▸ **WORK INSTRUCTION**:
Omit the pictures and return exactly the stretch of the material below from the line with "Vá direto para" through the line with "実際に利用したサービス1位は".

▸ **GIVEN DATA**:
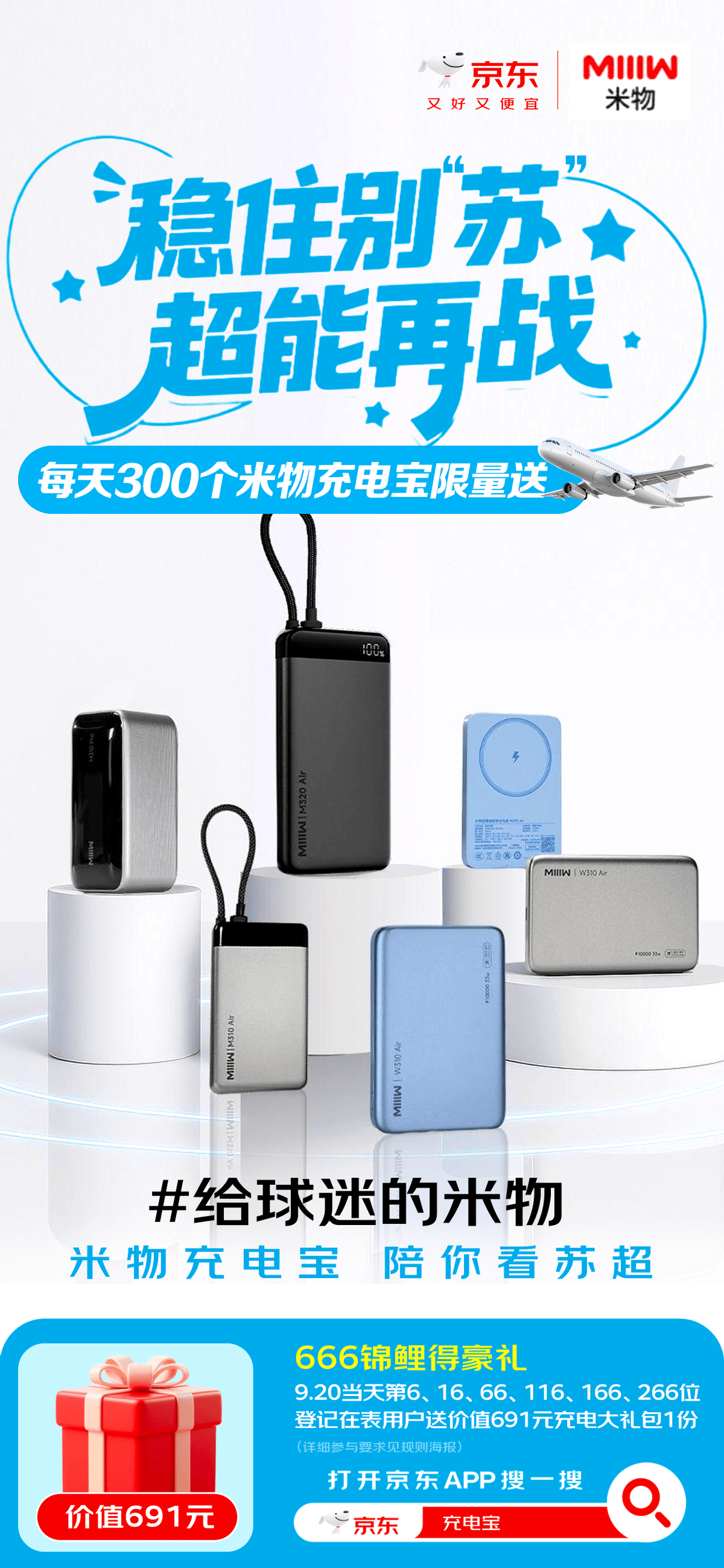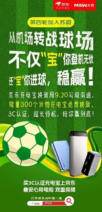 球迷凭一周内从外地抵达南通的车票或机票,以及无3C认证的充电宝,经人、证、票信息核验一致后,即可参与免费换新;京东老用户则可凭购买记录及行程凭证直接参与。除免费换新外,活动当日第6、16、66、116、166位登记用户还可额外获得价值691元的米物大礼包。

==

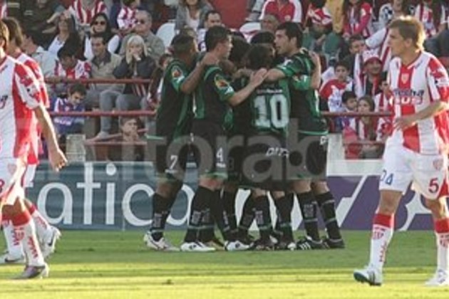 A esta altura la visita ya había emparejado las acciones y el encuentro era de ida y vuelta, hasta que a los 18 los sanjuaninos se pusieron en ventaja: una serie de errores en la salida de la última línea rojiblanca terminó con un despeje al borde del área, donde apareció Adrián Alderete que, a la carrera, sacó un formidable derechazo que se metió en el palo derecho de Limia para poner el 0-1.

...

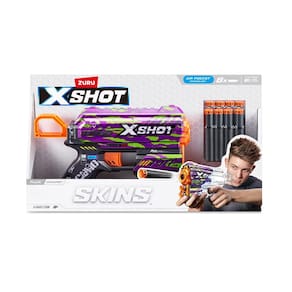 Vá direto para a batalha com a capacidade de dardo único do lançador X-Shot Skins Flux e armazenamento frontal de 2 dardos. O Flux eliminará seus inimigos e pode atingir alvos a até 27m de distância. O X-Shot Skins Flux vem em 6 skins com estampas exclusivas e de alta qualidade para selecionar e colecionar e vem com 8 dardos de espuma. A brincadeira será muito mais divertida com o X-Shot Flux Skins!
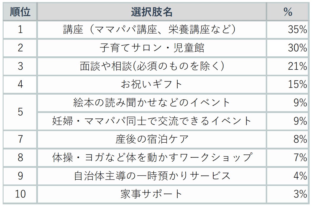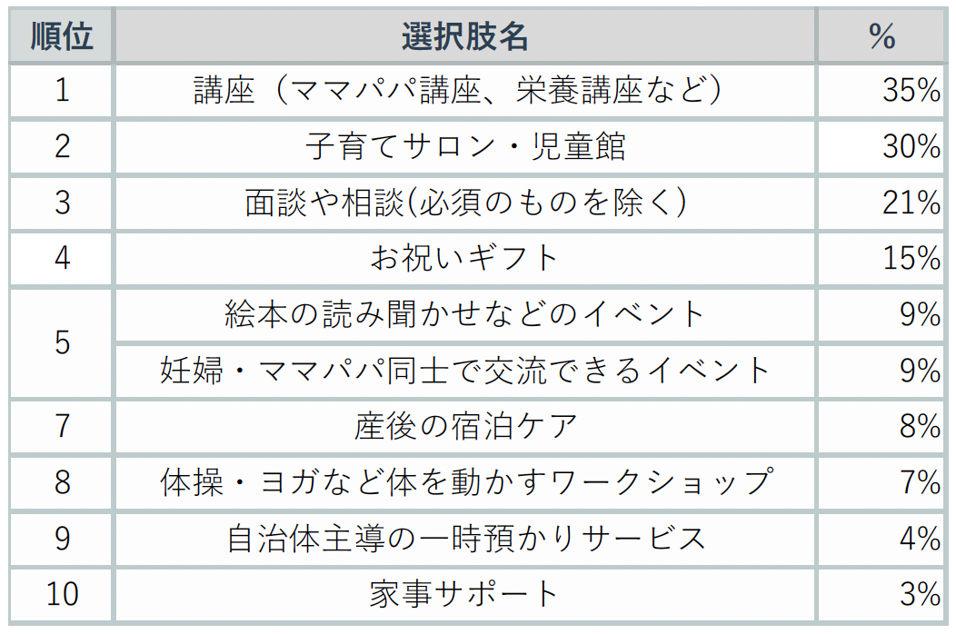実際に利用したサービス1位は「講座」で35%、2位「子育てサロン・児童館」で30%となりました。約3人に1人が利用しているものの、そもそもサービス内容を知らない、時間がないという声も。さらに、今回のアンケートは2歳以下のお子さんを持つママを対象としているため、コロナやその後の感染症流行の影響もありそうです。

▸ **WRITTEN SOLUTION**:
 Vá direto para a batalha com a capacidade de dardo único do lançador X-Shot Skins Flux e armazenamento frontal de 2 dardos. O Flux eliminará seus inimigos e pode atingir alvos a até 27m de distância. O X-Shot Skins Flux vem em 6 skins com estampas exclusivas e de alta qualidade para selecionar e colecionar e vem com 8 dardos de espuma. A brincadeira será muito mais divertida com o X-Shot Flux Skins!
実際に利用したサービス1位は「講座」で35%、2位「子育てサロン・児童館」で30%となりました。約3人に1人が利用しているものの、そもそもサービス内容を知らない、時間がないという声も。さらに、今回のアンケートは2歳以下のお子さんを持つママを対象としているため、コロナやその後の感染症流行の影響もありそうです。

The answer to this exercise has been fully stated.